Kepala Aafia kembali tertunduk. "Mama takut pergaulanku akan sesat, makanya dia menjodohkanku," ujarnya lebih mengacu pada mengadu.
"Tante Irene pasti ingin yang terbaik untuk kamu, kamu jalani saja." Dalia menyahut.
"Kamu udah pernah ketemu dia?" Aafia mengerutkan dahinya pertanda tidak mengerti. "Calonmu," lanjut Dalia.
"Kemarin malam dia datang, makan malam." Dalia mengangguk paham.
"Terus kamu terima?" tanya Dalia. Aafia mengangguk, "Iya."
Dalia mengelus pelan rambut Aafia, "Aku yakin itu yang terbaik untukmu. Kamu hanya perlu menjalaninya."
Aafia pun hanya bisa mengangguk. "Sekarang giliranmu, siapa orang jahat itu?"
"Orang jahat?" Alis Dalia terangkat naik.
Aafia menghela napasnya, "Yang membuatmu seperti ini."
Dalia pun mengangguk paham kemudian tersenyum kecut. "Namanya Rivaldo, dia sangat famous, tampan, dan baik. Dia juga kakak tingkatku dan kami bergabung disebuah organisasi kampus yang sama, dia mengatakan mencintaiku, tapi ya semua itu cuma bullshit."

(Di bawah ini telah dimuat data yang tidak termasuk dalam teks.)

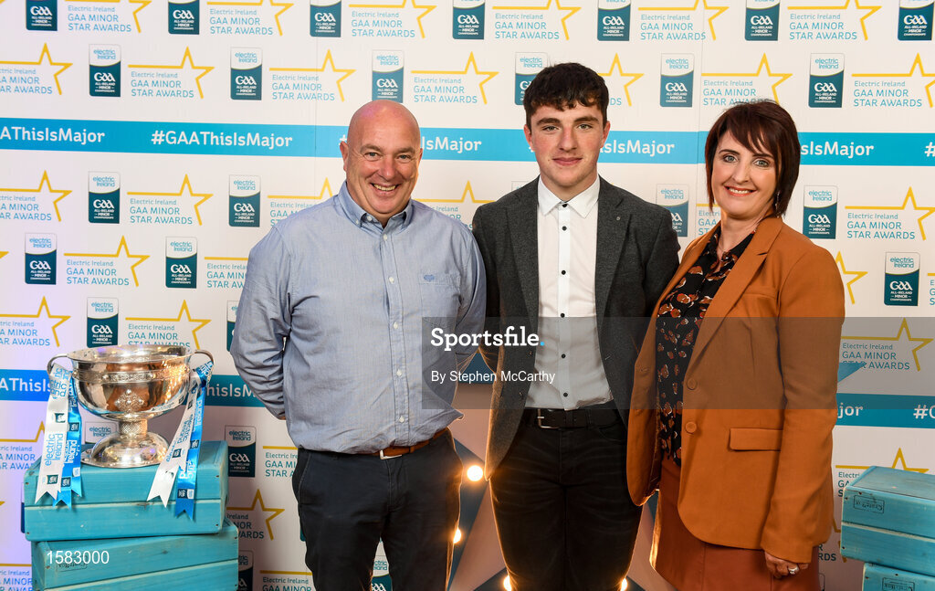29 September 2018; Darragh Rahilly of Rathmore, Kerry, with parents Donal and Shiela on their arrival at the 2018 Electric Ireland Minor Star Awards. The Hurling/Football Team of the Year was selected by an expert panel of GAA legends including Ollie Canning, Sean Cavanagh, Michael Fennelly and Daniel Goulding. Sponsors of the GAA Minor Championships, Electric Ireland today recognised the talent and dedication of 15 Minor football players, and 15 Minor hurling players at the second annual Electric Ireland Minor Star Awards at Croke Park. #GAAThisIsMajor Photo by Stephen McCarthy/Sportsfile

"Kamu tau kenapa aku tinggal di sini?" Aafia menggeleng.
"Karena ada kamu, aku bisa cerita dan ada teman. Di rumah Mama hanya memarahiku terus, aku butuh hiburan atau semakin lama aku akan tertekan dan keguguran." Dalia menggeleng-gelengkan kepalanya.
"Aku nggak mau itu terjadi, aku menyayangi anakku," lanjutnya.

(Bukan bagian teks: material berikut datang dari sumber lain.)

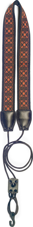 Woven nylon neck strap for ukuleles with sound-hole hook, orange flower pattern

Aafia mengangguk mengerti. Ia mengerti sekarang, dan ia pasti akan menemani sepupunya itu hingga si kecil lahir.
Malam itu mereka habiskan dengan bercerita dan bercanda, Aafia pun tidak sadar sudah terlelap di kamar Dalia dengan posisi memeluk sepupunya itu.